I think both of our albums are some kind of country music. I think of country music as being directly tied to a place, even if the lyrics aren’t always. “Texas River Song” is traditional and directly referencing the geography of Texas, and you also have this glorious reworking of “Goodbye Old Paint” with Jeff’s wistful saw sounding like an open prairie. Your music can be so intimate and still, but it always sounds like it’s traveling, moving across spaces, rolling down rivers. This feels so country to me. What made you decide to cover “Goodbye Old Paint,” and what are some versions you love?
Lindsey Verrill: Enjambment! Seems like such a clever trick and a wonderful word too. I got obsessed a few months ago, I was dreaming up all my big enjambments lying in the grass at Barton Springs, watching the pecan branches’ lazy spiral shadows on the ground. Do you ever look at pecan trees shadows? I swear they’re tiny eternal spirals.

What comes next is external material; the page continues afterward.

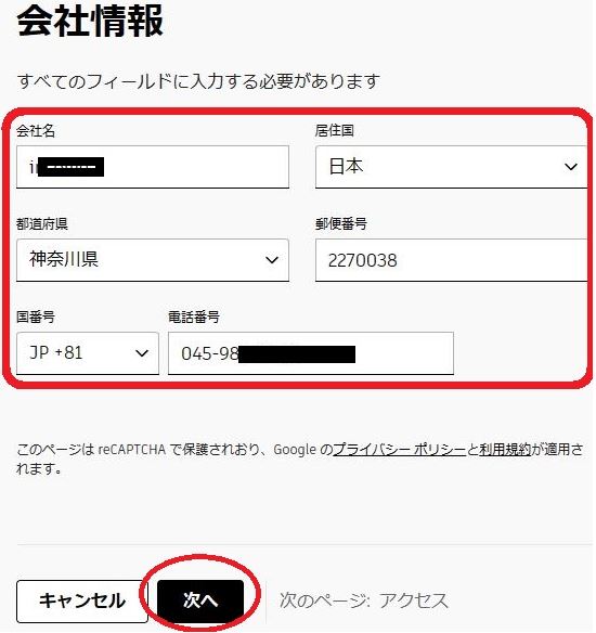 5.会社が概要も必要な事項を入力して行きましょう!最後に「次へ」をクリック

That Vic Chesnutt recording is so magical, driven, funny, raw, haunting. Bless the person who hit ‘record’ on the board that night. His last show. Jeff was there, of course.
Central Presbyterian Church is a downtown church with a high ceiling sanctuary and screamingly bright red carpet. The events director there has made it a long time home to outsider music and when they host shows, it’s always good. Vic Chesnutt, Dan Higgs, The Microphones, Jandek…Tom Morello lol. I feel lucky to play in such a special space! It’s a church that’s holy in all the right ways, a really special venue in Austin.
On our most recent journey a space I really loved was Mississippi Studios in Portland. Have you played there? It’s a gorgeous space and you can feel the love and care people have put into it. I also loved the Owl in Brooklyn and of course Nelsonville Music Festival… Nelsonville! I feel like you should play there next. Maybe you have? Every time I tour I think oh yea, I’ll be back here for sure but the landscapes always turn and shift, you rarely return, you never return. I’d like to play in those places again though. You never know, I guess.
Recording “Goodbye Old Paint” was fairly spontaneous; it wasn’t on the song list for the album. I had been listening to a lot of Arthur Russell and he does a kind of off-the-cuff experimental version of that song and it was stuck in my head that day. I think the chords I put under it were just something I play when I’m improvising and that song came out over them in the studio. The whole recording session for Texas River Song was like that, so free and improvisational.
“Goodbye Old Paint” and “Texas River Song” are both songs that were found (or stolen?) by those songcatchers that were going around the south in the early part of the last century, recording the music of rural geniuses and copyrighting it under their own names. “Goodbye Old Paint” was written by a black cowboy and songwriter named Charley Willis who is buried outside of Austin and was never actually credited for writing the song. “Texas River Song” is sometimes called “Brazos River Song” and there are so many versions, the lyrics and melodies sliding in and out of each other like sand.
I am typing all this on the sly while I work as a substitute teacher. Kids are occasionally asking me if they can go use the bathroom. Most of them are just looking at their phones between giggling and talking with each other. I’m pretty sure no one is writing an analysis of the hero’s journey of Hesse’s Siddhartha. That’s ok. I am secretly anti-school anyways.